(Recorded data)
▬▬▬

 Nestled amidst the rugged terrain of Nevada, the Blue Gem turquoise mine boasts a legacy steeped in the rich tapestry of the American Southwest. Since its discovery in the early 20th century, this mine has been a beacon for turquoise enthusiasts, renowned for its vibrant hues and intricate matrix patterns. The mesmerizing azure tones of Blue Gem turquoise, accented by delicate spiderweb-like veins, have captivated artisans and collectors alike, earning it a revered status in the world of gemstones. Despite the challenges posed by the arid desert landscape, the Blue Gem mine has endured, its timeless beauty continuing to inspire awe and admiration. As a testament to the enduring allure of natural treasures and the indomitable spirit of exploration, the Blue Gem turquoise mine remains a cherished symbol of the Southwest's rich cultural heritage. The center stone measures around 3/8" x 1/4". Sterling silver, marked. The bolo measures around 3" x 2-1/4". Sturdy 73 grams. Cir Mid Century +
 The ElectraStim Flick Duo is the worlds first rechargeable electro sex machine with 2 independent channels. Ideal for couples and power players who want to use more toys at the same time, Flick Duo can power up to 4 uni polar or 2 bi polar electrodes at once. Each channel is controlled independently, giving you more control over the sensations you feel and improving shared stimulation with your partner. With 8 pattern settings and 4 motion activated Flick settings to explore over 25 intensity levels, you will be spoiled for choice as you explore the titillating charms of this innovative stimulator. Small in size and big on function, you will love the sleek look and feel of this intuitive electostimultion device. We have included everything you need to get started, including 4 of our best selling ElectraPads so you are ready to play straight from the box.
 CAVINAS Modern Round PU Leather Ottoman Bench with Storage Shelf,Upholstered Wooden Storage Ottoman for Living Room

▬▬▬

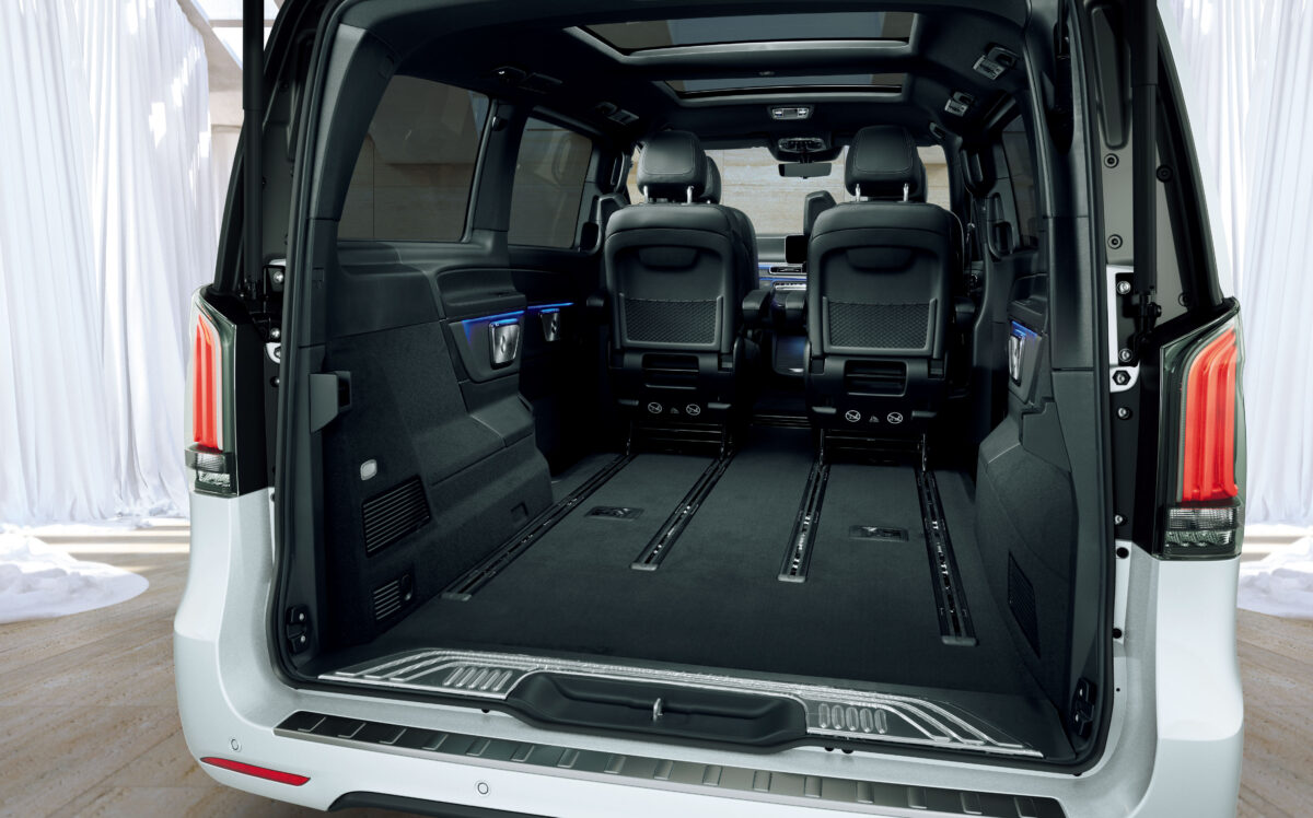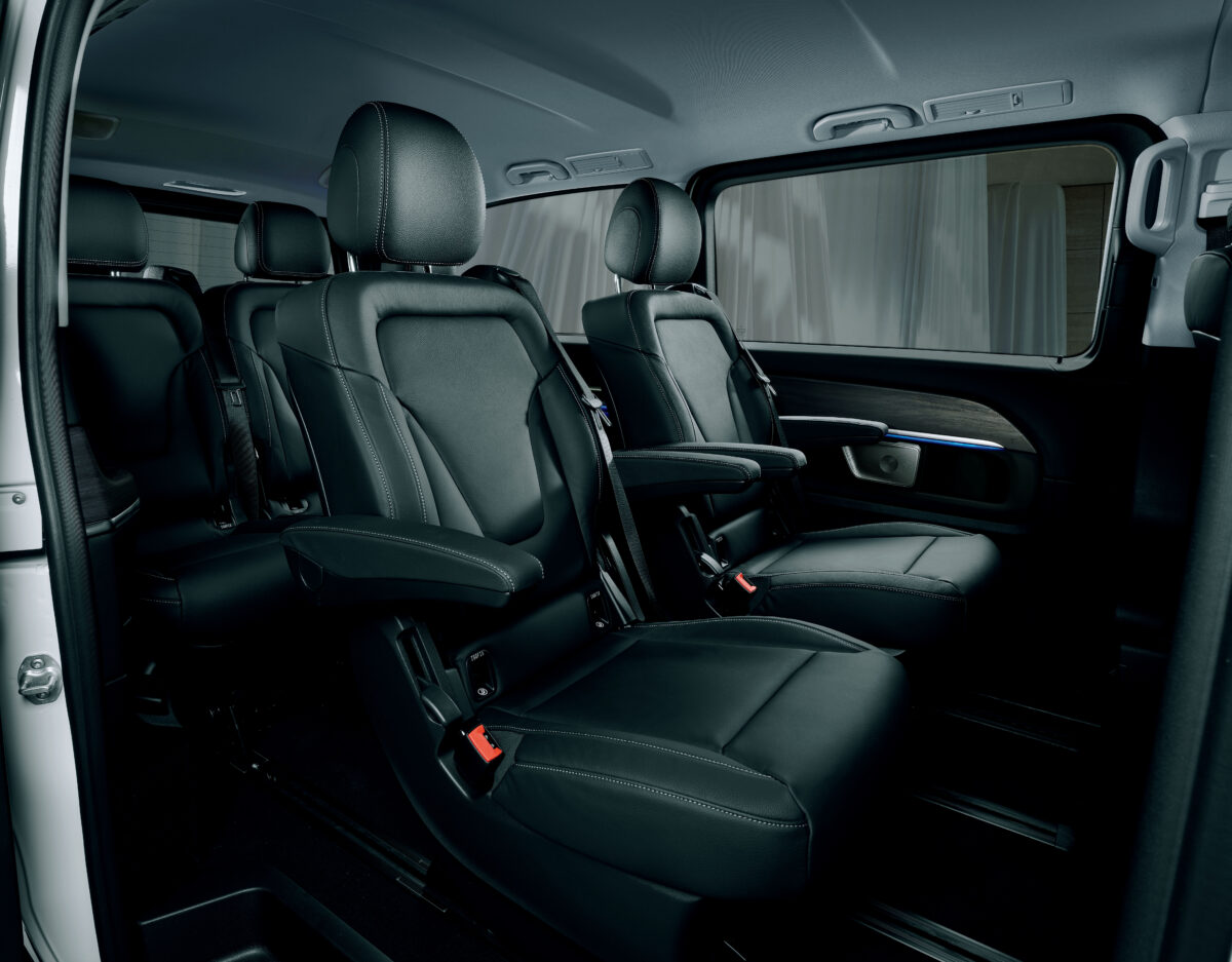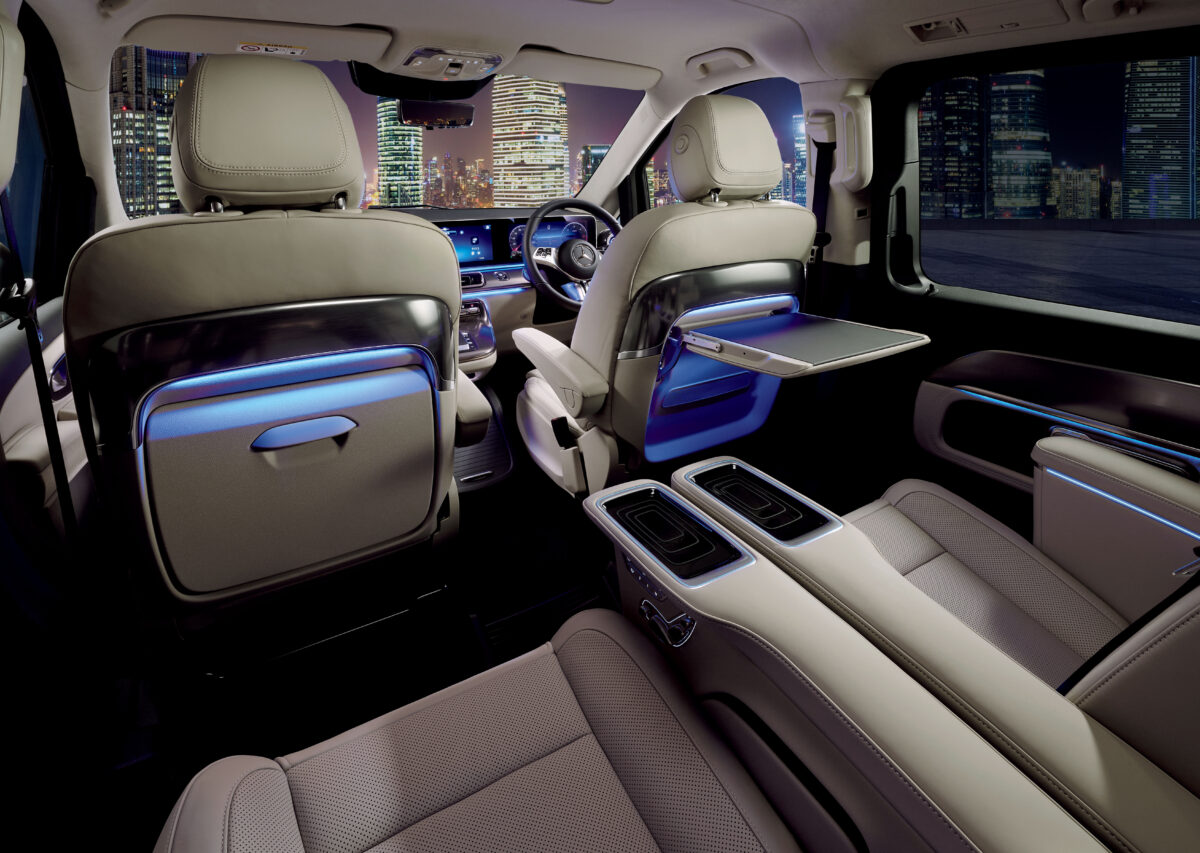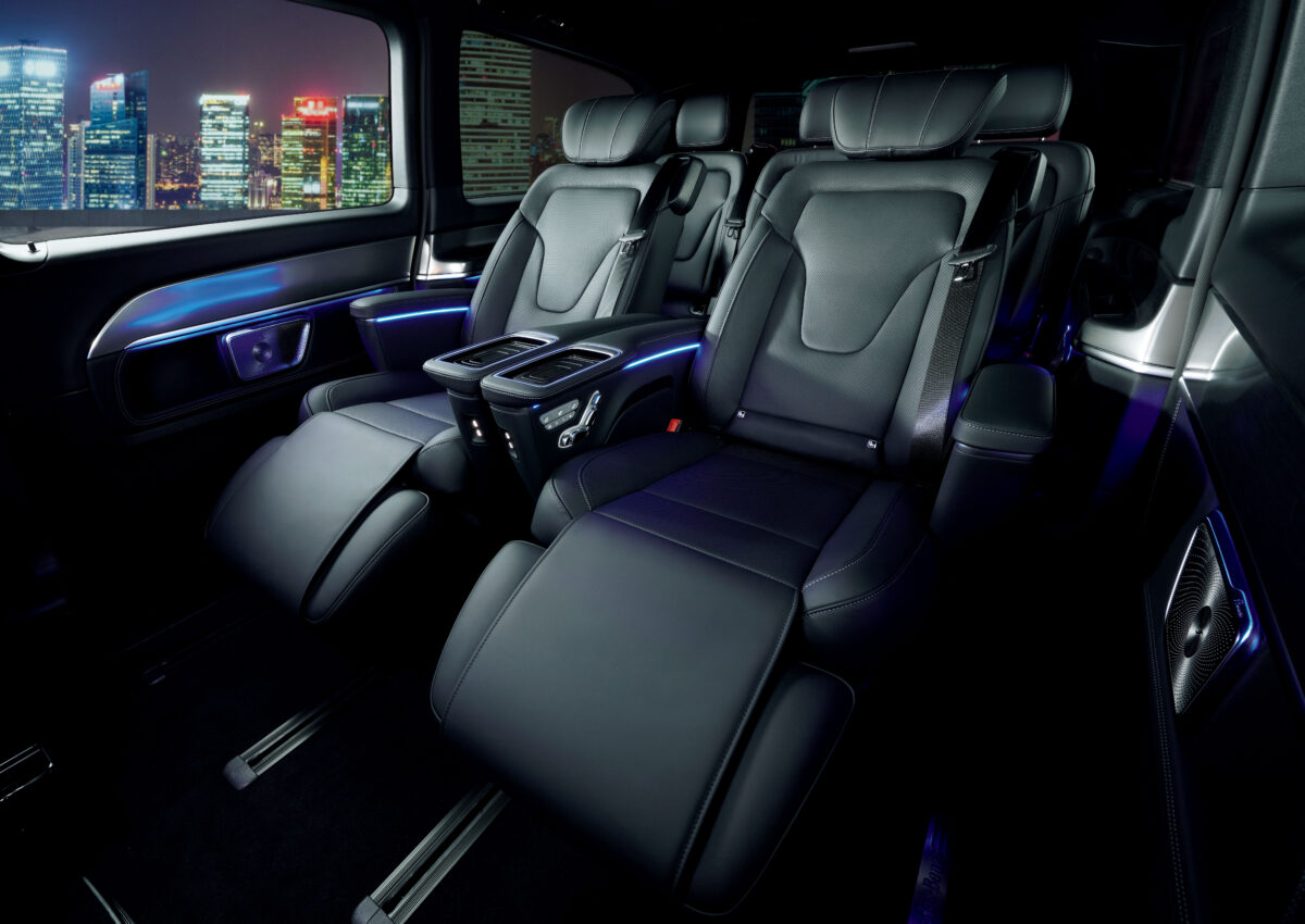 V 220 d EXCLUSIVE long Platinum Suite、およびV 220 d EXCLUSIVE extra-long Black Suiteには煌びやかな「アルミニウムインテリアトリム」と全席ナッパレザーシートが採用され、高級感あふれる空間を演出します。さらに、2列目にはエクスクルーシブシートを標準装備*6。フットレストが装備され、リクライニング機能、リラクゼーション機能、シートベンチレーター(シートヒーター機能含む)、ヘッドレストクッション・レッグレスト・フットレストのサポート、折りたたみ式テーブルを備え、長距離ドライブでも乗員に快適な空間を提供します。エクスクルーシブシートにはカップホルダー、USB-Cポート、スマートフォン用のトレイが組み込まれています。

▬▬▬

(Activity)
Write out each line above containing "with".

(Output for this task)
 The ElectraStim Flick Duo is the worlds first rechargeable electro sex machine with 2 independent channels. Ideal for couples and power players who want to use more toys at the same time, Flick Duo can power up to 4 uni polar or 2 bi polar electrodes at once. Each channel is controlled independently, giving you more control over the sensations you feel and improving shared stimulation with your partner. With 8 pattern settings and 4 motion activated Flick settings to explore over 25 intensity levels, you will be spoiled for choice as you explore the titillating charms of this innovative stimulator. Small in size and big on function, you will love the sleek look and feel of this intuitive electostimultion device. We have included everything you need to get started, including 4 of our best selling ElectraPads so you are ready to play straight from the box.
 CAVINAS Modern Round PU Leather Ottoman Bench with Storage Shelf,Upholstered Wooden Storage Ottoman for Living Room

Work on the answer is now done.